Sylvan Catkin (#7A7263) is a true amber with an earthy character. It leans grounded and natural, the kind of color that plays well with wood, clay, linen, and warm neutrals. Its HSL profile (39°, 10%, 43%) places it in the muted band at a mid lightness. It works across type, buttons, and borders, saturated enough to feel deliberate but balanced enough to not fight the rest of the palette. For a confident two-color system, pair it with its complementary azure. For something softer, pull in its analogous neighbors on either side of the wheel.

HEX
#7a7263
RGB
rgb(122, 114, 99)
HSL
hsl(39, 10%, 43%)
HWB
hwb(39 39% 52%)
OKLCH
oklch(55.5% 0.025 83.2)
P3
color(display-p3 0.4731 0.4481 0.3946)
HSV
hsv(39, 19%, 48%)
LAB
lab(48.35% 0.39 9.44)
LCH
lch(48.35% 9.44 87.66)
CMYK
cmyk(0%, 7%, 19%, 52%)

Etymology

Sylvan
adjective

Latin silvānus, of-the-woods — adjectival suffix -an, derived from silva (forest). As a color modifier, sylvan implies a neutral-and-forest-and-woodland quality, the neutral color of English-and-Welsh deciduous-and-mixed-forest woodland-walking-and-ramble pastoral-and-natural color tone. Sits at the neutral-and-traditional end of the grid, parallel to bucolic and pastoral in usage.

Catkin
noun

Old English cat-cyne, cat-kin — the cool-mid-gray pendulous Salix (willow) and Corylus (hazel) male-flower-cluster of late-winter-and-early-spring deciduous-tree flowering. Catkin color refers to a fully developed Salix caprea (goat willow) catkin on a March-flowering branch: a balanced cool gray with the velvet finish of fresh fluffy pollen-bearing male-flower-cluster against bare deciduous-tree branches in early-spring raking light.

Closest matches

The nearest named color in three reference sources, ranked by perceptual distance (ΔE76 in CIELAB). ΔE < 1 is imperceptible to most viewers; ΔE > 10 is clearly different. When two sources point to the same hex they’re merged into one tile; click any to open that color’s page.

Variations

Click any swatch to explore

Harmonies

Accessibility

Color-vision simulation

How this color appears to viewers with the four major color-vision-deficiency types. Computed via the Machado (2009) physiologically-based model.
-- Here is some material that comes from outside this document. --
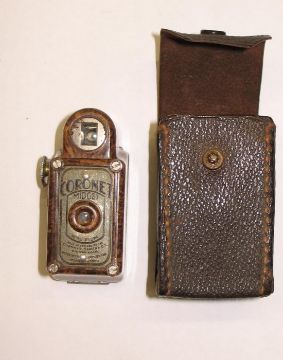 CORONET MIDGET CAMERA, bakelite body & leather case.

If a tile matches the original, the color reads the same to that viewer.

#7a7263
Original
#767262
Protanopia
#787463
Deuteranopia
#7e6f6e
Tritanopia
#737373
Achromatopsia
WCAG contrast

The color used as foreground text against pure white and pure black, with the contrast ratio and WCAG 2.1 grade. Aim for AA (4.5:1) for body text and AA Large (3:1) for 18 pt+ headlines; AAA (7:1) is the gold standard for long-form reading surfaces.
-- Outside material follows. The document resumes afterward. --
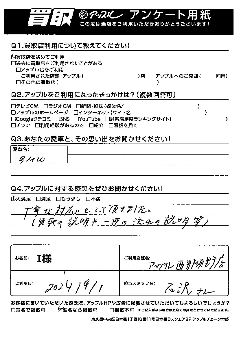 お車のご相談・ 査定だけでもOK! カンタン 入力 30秒 アップルがブランド買取始めました! お電話でも受付中! 受付時間10:00 ~ 19:00 0287-38-0544 お車のご相談・ 査定だけでもOK! カンタン 入力 30秒 アップルがブランド買取始めました! お電話でも受付中! 受付時間10:00 ~ 19:00 0287-38-0544 アップルがブランド買取始めました! お電話でも受付中! 受付時間10:00 ~ 19:00 0287-38-0544 店舗情報 在庫車 スタッフ紹介 ブログ お客様の声 キャンペーン 無料査定 click お客様の声 ご記入日: 2024/09/01 I様 車名:BMW 1シリーズ Q あなたと愛車との思い出をお聞かせください!Q アップルに対する感想をぜひお聞かせください!感想:大満足 丁寧な対応をして頂きました。(買取の説明や一連の流れの説明等) 前へ 次へ お客様の声一覧を見る

The quick brown foxSample body text at normal size. The wcag minimum for body contrast is 4.5:1 (AA) or 7:1 (AAA).
AAon White
4.76:1
The quick brown foxSample body text at normal size. The wcag minimum for body contrast is 4.5:1 (AA) or 7:1 (AAA).
AA Largeon Black
4.41:1

Wide gamut

Display P3 representation

The CSS Color 4 wide-gamut form of this color. Both swatches render the same color on every display — the P3 form only diverges from sRGB when a designer pushes channels outside sRGB's reach.

sRGB hex
sRGB hex
##7A7263
Display P3
Display P3
color(display-p3 0.4731 0.4481 0.3946)
Inside sRGBOKLCH chroma 0.025

This color sits well within the sRGB cube. P3 and sRGB share the gray axis and most desaturated tones, so a P3 display renders this identically to an sRGB display.